Records from a dataset:
▬▬▬▬▬▬▬▬▬▬

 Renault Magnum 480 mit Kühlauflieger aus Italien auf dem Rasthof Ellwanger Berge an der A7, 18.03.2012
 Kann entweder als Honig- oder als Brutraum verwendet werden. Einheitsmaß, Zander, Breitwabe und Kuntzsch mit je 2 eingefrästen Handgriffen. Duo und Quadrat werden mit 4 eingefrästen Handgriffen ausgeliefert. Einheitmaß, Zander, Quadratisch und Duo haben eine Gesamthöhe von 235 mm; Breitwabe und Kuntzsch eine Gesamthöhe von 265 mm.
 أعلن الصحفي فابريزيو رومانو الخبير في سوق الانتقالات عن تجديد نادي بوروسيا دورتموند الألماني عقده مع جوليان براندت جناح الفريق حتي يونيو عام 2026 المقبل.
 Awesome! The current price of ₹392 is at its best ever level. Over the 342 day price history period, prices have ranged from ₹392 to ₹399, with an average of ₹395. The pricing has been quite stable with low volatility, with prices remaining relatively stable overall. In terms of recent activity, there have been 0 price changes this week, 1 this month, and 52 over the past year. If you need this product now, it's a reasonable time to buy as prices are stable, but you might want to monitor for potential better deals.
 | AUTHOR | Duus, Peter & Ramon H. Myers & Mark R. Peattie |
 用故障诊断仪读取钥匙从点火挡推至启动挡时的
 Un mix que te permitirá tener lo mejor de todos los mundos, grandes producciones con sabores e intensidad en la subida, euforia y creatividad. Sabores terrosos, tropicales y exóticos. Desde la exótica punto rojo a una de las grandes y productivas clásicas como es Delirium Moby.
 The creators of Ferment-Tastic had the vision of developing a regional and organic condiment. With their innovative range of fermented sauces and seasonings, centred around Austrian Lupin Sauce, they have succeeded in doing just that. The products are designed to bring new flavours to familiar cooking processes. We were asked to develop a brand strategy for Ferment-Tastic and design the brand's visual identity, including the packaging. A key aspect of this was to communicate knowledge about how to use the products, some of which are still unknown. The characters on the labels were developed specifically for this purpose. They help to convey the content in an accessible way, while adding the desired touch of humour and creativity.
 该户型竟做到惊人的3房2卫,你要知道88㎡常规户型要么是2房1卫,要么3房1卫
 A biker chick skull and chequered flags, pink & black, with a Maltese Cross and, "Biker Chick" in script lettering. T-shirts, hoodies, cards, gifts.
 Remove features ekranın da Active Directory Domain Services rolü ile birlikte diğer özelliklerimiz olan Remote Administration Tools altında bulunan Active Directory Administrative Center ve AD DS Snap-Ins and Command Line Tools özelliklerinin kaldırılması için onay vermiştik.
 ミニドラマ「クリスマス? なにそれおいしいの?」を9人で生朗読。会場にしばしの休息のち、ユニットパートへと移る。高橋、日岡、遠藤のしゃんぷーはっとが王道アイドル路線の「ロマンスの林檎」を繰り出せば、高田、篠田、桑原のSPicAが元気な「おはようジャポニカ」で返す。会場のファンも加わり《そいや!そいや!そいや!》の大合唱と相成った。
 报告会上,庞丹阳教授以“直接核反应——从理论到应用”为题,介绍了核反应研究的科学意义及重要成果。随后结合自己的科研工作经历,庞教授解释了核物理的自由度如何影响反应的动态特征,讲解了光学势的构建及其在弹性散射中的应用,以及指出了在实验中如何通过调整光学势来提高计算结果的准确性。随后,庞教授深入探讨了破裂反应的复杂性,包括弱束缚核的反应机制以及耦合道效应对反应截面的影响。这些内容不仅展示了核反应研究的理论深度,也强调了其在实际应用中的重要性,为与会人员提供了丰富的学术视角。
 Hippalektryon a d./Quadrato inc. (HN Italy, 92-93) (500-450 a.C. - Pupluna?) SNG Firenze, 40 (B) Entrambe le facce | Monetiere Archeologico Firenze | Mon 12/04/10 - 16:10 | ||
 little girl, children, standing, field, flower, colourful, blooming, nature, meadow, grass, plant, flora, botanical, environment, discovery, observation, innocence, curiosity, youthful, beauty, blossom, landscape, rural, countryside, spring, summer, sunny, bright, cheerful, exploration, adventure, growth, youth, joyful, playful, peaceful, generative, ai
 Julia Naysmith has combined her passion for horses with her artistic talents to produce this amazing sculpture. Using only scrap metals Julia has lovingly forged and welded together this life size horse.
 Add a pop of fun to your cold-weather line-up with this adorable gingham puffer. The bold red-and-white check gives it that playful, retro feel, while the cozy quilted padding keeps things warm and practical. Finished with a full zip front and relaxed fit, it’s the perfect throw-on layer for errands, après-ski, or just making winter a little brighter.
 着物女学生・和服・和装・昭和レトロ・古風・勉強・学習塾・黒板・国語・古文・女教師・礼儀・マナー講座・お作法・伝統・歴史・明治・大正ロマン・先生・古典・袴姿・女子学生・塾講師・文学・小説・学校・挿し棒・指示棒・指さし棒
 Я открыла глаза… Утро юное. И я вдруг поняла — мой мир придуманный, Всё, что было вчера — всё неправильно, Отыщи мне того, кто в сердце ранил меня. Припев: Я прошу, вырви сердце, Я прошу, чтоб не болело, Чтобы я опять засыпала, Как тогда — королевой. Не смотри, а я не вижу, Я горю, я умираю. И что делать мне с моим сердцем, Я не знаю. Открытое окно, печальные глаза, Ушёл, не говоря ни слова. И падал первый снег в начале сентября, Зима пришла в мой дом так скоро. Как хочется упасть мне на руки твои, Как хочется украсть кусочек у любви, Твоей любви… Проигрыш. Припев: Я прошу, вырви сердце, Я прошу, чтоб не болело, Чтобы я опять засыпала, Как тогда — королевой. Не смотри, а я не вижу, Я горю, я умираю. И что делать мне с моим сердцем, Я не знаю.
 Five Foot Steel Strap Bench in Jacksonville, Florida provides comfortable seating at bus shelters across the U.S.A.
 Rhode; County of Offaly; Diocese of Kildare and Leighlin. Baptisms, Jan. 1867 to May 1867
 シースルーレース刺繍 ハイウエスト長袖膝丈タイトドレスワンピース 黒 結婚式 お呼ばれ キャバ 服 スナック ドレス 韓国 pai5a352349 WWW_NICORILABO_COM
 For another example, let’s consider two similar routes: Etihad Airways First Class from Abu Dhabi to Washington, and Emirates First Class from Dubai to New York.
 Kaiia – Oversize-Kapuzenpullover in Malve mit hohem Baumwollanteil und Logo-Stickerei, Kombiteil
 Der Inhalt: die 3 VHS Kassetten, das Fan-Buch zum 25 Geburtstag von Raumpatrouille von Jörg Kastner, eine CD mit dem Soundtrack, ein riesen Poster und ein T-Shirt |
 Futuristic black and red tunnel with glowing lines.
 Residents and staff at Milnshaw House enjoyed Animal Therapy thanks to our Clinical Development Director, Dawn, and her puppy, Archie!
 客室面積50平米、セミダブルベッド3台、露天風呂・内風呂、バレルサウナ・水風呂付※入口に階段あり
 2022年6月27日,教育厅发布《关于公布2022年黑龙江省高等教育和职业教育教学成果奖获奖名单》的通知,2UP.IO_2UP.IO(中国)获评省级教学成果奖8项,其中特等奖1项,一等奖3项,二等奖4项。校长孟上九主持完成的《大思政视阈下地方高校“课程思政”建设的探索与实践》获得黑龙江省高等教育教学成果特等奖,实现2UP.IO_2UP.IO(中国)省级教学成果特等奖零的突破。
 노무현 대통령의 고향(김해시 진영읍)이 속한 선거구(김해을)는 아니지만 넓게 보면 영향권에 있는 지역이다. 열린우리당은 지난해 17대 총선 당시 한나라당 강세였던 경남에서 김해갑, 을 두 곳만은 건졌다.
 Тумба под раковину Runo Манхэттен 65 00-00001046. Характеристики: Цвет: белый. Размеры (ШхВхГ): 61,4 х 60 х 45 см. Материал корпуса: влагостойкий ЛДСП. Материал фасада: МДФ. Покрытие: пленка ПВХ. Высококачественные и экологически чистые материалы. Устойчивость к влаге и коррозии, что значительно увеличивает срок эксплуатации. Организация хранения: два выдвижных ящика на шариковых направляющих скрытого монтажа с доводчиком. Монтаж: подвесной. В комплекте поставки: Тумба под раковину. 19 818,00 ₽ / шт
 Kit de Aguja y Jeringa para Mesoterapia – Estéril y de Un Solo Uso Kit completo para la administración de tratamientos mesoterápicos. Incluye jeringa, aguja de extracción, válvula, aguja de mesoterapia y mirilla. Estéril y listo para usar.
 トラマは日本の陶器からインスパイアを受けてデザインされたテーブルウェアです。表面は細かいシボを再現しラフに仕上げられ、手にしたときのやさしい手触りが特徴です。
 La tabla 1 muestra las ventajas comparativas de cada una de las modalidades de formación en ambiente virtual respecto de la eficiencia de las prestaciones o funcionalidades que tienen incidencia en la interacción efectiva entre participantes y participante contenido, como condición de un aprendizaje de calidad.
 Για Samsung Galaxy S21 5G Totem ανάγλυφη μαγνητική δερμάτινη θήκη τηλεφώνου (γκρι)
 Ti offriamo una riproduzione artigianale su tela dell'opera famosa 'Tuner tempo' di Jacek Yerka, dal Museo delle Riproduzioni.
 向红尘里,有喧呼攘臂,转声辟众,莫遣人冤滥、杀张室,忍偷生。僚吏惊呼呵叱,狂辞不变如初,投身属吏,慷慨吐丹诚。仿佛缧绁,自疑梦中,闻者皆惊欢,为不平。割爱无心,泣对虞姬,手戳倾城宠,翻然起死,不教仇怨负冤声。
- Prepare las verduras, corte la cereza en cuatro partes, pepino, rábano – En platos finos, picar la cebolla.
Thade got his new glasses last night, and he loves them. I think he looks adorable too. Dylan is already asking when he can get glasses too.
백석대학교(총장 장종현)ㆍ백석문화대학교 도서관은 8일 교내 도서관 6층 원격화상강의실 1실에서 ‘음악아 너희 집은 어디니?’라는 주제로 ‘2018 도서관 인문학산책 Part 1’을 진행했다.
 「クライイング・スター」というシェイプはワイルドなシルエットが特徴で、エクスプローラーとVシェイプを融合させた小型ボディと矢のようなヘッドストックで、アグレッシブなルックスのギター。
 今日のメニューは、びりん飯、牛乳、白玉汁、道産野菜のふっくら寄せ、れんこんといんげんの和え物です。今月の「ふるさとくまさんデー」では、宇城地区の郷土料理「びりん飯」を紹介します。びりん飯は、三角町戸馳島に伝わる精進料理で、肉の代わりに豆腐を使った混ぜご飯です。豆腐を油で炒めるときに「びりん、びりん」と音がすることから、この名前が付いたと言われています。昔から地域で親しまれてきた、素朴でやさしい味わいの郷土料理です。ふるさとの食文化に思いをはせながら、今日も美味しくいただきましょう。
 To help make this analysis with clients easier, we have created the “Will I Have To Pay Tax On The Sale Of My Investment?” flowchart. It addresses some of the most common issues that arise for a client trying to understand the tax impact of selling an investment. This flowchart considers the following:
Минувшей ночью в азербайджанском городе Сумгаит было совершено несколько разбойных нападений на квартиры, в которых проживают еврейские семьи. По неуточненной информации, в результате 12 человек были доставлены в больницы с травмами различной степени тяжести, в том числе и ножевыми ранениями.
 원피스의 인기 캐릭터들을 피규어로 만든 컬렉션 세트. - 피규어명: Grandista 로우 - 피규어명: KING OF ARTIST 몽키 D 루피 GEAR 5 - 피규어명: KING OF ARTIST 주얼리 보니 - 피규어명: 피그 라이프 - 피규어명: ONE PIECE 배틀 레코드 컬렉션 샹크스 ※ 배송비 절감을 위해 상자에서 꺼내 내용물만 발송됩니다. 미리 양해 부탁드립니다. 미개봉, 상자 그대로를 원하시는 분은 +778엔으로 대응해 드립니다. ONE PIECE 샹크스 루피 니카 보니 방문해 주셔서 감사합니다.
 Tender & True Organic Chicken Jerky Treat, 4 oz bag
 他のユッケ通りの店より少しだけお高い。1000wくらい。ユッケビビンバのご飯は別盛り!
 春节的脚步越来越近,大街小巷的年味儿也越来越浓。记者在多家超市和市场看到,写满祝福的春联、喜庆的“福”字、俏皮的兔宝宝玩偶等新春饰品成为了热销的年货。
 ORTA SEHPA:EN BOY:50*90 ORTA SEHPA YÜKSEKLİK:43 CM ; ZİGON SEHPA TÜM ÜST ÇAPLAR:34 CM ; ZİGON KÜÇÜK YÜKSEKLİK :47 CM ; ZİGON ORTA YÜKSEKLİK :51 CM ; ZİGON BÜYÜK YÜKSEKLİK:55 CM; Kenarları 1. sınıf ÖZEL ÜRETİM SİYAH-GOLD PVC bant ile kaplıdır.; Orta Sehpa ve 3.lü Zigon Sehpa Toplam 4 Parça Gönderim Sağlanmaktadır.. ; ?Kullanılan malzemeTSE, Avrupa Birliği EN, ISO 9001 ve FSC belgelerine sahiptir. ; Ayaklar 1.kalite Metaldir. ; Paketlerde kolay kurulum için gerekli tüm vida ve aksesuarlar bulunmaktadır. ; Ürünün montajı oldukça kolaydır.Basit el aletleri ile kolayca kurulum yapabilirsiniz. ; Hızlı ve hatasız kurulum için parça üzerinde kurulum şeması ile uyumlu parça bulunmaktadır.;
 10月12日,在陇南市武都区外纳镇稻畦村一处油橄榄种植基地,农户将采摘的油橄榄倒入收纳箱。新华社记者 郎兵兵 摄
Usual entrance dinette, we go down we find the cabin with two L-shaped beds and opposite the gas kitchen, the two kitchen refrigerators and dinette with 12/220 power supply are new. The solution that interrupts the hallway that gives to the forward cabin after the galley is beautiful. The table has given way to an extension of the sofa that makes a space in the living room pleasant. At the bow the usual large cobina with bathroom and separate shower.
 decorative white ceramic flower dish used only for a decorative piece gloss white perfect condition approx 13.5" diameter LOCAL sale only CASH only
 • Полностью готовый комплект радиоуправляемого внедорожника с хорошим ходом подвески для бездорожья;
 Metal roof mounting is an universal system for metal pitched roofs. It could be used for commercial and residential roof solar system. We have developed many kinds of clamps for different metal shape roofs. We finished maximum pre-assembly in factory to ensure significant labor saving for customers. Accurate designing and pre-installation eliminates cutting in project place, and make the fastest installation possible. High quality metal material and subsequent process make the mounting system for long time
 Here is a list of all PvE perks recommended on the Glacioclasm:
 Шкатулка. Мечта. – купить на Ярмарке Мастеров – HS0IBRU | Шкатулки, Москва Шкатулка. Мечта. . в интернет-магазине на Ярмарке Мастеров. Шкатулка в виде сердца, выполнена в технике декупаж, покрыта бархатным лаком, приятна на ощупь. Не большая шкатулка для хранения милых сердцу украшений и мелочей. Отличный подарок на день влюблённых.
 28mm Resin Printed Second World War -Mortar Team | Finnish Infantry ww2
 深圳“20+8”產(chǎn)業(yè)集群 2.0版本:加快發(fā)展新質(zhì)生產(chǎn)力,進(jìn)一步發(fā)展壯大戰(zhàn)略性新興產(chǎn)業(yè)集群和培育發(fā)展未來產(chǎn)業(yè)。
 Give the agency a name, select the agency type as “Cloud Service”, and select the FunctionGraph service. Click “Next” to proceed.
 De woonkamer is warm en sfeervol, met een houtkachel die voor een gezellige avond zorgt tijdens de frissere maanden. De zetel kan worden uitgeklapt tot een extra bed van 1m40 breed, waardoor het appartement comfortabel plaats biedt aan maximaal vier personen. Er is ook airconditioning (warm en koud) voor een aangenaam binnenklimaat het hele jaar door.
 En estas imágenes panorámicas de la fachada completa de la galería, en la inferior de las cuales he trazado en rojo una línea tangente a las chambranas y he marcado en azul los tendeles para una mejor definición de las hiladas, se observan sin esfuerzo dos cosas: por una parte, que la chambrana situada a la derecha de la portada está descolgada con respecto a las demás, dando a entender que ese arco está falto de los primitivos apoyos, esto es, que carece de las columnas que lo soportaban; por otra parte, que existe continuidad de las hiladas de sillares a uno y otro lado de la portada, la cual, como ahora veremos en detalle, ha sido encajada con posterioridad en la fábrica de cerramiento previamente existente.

▬▬▬▬▬▬▬▬▬▬

### EXERCISE REQUIREMENTS
Looking at the data above, return every line from the one with "10月12日,在陇南市武都区外纳镇稻畦村一处油橄榄种植基地,农户将采摘的油橄榄倒入收纳箱。新华社记者 郎兵兵 摄" down to the one with "Metal roof mounting", exactly and inclusively.

### RESPONSE
 10月12日,在陇南市武都区外纳镇稻畦村一处油橄榄种植基地,农户将采摘的油橄榄倒入收纳箱。新华社记者 郎兵兵 摄
Usual entrance dinette, we go down we find the cabin with two L-shaped beds and opposite the gas kitchen, the two kitchen refrigerators and dinette with 12/220 power supply are new. The solution that interrupts the hallway that gives to the forward cabin after the galley is beautiful. The table has given way to an extension of the sofa that makes a space in the living room pleasant. At the bow the usual large cobina with bathroom and separate shower.
 decorative white ceramic flower dish used only for a decorative piece gloss white perfect condition approx 13.5" diameter LOCAL sale only CASH only
 • Полностью готовый комплект радиоуправляемого внедорожника с хорошим ходом подвески для бездорожья;
 Metal roof mounting is an universal system for metal pitched roofs. It could be used for commercial and residential roof solar system. We have developed many kinds of clamps for different metal shape roofs. We finished maximum pre-assembly in factory to ensure significant labor saving for customers. Accurate designing and pre-installation eliminates cutting in project place, and make the fastest installation possible. High quality metal material and subsequent process make the mounting system for long time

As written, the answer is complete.